Lets say that a supplier was -20 days behind sechedule prior to a dealy then he is responsible to recover this lost time. This can not be swept under the covid19 umbrella delay. They owe you this time. The trouble arises when trying to assess the delay due to covid19. There are several issue associated with this one is lack of manpower duiring the covid19 delay and you must incorporate startup time whne re-starting due to the covid delay. You just dont turn a switch after the delay and you are running at full capacity it does not work like that. So now you have to determine fact from fiction and sweed out the fluff that someone may be trying to take advantage due to another delay. 

The other thing to consider is production scheduling were was your orider in line originally were you next for production and now due to covid19 you got bumped to the back of the line becasue your project was put on hold and others were not.

Or did they have to re-toll to make mandated PPE or ventilators and example of is the car manufactuing industry totalt re-tooling.

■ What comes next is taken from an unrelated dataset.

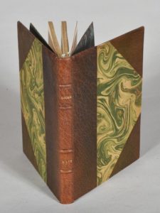 LUCIUS. L'ANE. Traduction de Paul - Louis Courier. PARIS, A LA RENAISSANCE DU LIVRE, 1922. Un volume, in-8, demi-reliure à coins en basane ardoise. Dos à 4 nerfs portant le titre doré, tête dorée, couverture et dos conservés. Dos légèrement et uniformément éclairci. Avec des illustrations en couleurs de Marcel Roux.

They are now making cars agaisn but foe awhile they were not. 

The other thing to look at is the availablilty of the raw materla that feeds the suppliers and manufatures to make things. Although the manufactures were not shut down but THEIR suppliers of the raw material necessary for THEIR production could not be performed. Its the ripple effect. 

Dissect and look at each piece individually then look at them toghetr as a whole to try to determine where you are and wha the they was or will be. 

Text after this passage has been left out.